Lets merge the two pieces of dummy data into a single dataframe called "df":

In [None]:
flow.integrate.merge_data(newname="df", first="d1", second="d2", axis=0)
flow.integrate.status("df")

You've now integrated csv data into the program!

## Real Life Example:

For better intuition on how to use the program. The below code shows how the software was used for applying different machine learning models to the data in an Azure Databricks Notebook:

### 1. Load csv data as Spark DataFrames

In [None]:
# Load datas into notebook
df_01 = spark.read.format('csv').options(header='true', inferSchema='true').load('/FileStore/tables/newdump_01.csv')
df_02 = spark.read.format('csv').options(header='true', inferSchema='true').load('/FileStore/tables/newdump_02.csv')
df_OW1ql = spark.read.format('csv').options(header='true', inferSchema='true').load('/FileStore/tables/Qliq.csv')
df_records = spark.read.format('csv').options(header='true', inferSchema='true', delimiter='|', encoding='iso-8859-1').load('/FileStore/tables/interences_filtered.csv')
test_OW1 = spark.read.format('csv').options(header='true', inferSchema='true').load('/FileStore/tables/OW1test_1.csv')

# Convert date columns to datetime formats
# Rename columns so that it fits with flow package.
df_01 = df_01.select(
      F.to_timestamp(F.col("ts").cast("string"), "dd-MMM-yy HH:mm:ss").alias("datetime"),
      df_01["name"].alias("tag"),
      df_01["value"])

df_02 = df_02.select(
      F.to_timestamp(F.col("ts").cast("string"), "dd-MMM-yy HH:mm:ss").alias("datetime"),
      df_02["name"].alias("tag"),
      df_02["value"])

df_OW1ql = df_OW1ql.select(
      F.to_timestamp(F.col("DATE").cast("string"), "MM/dd/yyyy").alias("datetime"),
      *[feat for feat in df_OW1ql.columns if feat not in ["DATE"]])

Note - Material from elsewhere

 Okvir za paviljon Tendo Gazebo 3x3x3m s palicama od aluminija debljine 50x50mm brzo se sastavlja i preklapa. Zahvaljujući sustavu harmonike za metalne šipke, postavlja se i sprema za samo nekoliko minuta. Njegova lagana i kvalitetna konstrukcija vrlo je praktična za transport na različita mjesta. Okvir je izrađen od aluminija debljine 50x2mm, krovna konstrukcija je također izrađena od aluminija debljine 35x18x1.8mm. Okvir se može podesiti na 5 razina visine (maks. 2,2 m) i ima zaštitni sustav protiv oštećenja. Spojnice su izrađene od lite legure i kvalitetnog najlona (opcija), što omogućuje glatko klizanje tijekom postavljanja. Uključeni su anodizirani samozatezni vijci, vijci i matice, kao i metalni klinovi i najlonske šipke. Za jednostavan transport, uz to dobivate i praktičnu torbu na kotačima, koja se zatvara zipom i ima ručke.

test_OW1 = test_OW1.select(
      F.to_timestamp(F.col("DATE").cast("string"), "MM/dd/yyyy HH:mm").alias("datetime"),
      *[n for n in test_OW1.schema.names if not n == "DATE"])

df_records = df_records.select(
      F.to_timestamp(F.col("Date").cast("string"), "MM/dd/yyyy").alias("datetime"),
      *[n for n in df_records.schema.names if not n == "Date"])

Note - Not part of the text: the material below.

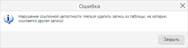 Город отобразится ошибка (рис. 5), запись будет недоступна для удаления.

### 2. Clean and Integrate the data

In [None]:
#Create dictionary for sorting tagname data into oilwells:
do = {"OW1" : ["EXAMPLE", "EXAMPLE"],
      "OW2" : ["EXAMPLE", "EXAMPLE"],
      "OW3" : ["EXAMPLE"]}

#Create dictionary for sorting tagname data into measurements:
nn = {"EXAMPLE" : "WHP",
      "EXAMPLE" : "WHT",
      "EXAMPLE" : "GLR",
      "EXAMPLE" : "GLP",
      "EXAMPLE" : "DHP",
      "EXAMPLE" : "DHT",
      "EXAMPLE" : "Choke",
      "EXAMPLE" : "ASD"}

# Collect up data into a dictionary with corresponding names
data = {"df_01":df_01, "df_02":df_02, "df_OW1ql":df_OW1ql, "test_OW1":test_OW1, "df_records":df_records}

# Make new workflow object by passing in the data dictionary 
flow = WorkFlow(data)

# Cache data to speed up spark queries
flow.integrate.cache_data("df_01", "df_02", "df_OW1ql", "test_OW1", "df_records")

# Merge dataframes vertically
flow.integrate.merge_data("df_dump", "df_01", "df_02", axis=0)

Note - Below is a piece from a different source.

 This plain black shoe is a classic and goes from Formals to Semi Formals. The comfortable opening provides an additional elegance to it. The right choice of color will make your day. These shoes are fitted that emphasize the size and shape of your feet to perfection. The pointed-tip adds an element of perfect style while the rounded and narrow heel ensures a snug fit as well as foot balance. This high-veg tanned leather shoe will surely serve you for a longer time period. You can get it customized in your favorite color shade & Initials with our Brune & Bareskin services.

# select the stored data, and remove nulls
flow.integrate.clean_data("df_dump", remove_nulls=True)

# select the stored data, and reorganise it to more dictionaries
flow.integrate.organise_data("df_dump", "date_tag_val_col", distinct_oilwells=do, change_sensor_names=nn) 

# We get three new datasets OW1. OW2. OW3. but their dataframes will be out of shape
flow.integrate.clean_data("OW1", avg_over="day", is_dict=True)  # average the data on the dict format
flow.integrate.organise_data("OW1", "dict_col")  # reorganise the data again so the dictionary matches the dataframe
flow.integrate.set_organised("OW1") # Tell the class that this data is ready for dataset assembly
flow.integrate.cache_data("OW1") # Cache data frame for fast querying
flow.integrate.status("OW1") # check the status of the data

flow.integrate.clean_data("df_OW1ql", remove_nulls=True) # remove nulls in the data
flow.integrate.edit_col("df_OW1ql", "Daily liquid rate [Sm3/d]", newname="Qliq") # edit the column files to have a new name
flow.integrate.select_col("df_OW1ql", "Qliq") # reselect the data frame to only be the given sample
flow.integrate.organise_data("df_OW1ql", "mult_col") # reorganise data so that it we have a correponding group dict format
flow.integrate.set_organised("df_OW1ql") # Tell the class that this data is ready for assembly
flow.integrate.cache_data("df_OW1ql") # cache data frame for fast querying
flow.integrate.status("df_OW1ql") # check the status of the data

flow.integrate.drop_col("test_OW1", "WELLNAME", "NUMBER", "Qo", "Qg", "Qw", "GOR", "WOR", "WTC", "PI", "Pres", "DCP", "ChokeD", "DCTcalc")
flow.integrate.clean_data("test_OW1", remove_nulls=True)
flow.integrate.clean_data("test_OW1", char_col="WHT", remove_char="-")
flow.integrate.edit_col("test_OW1", "pbh", newname="DHP")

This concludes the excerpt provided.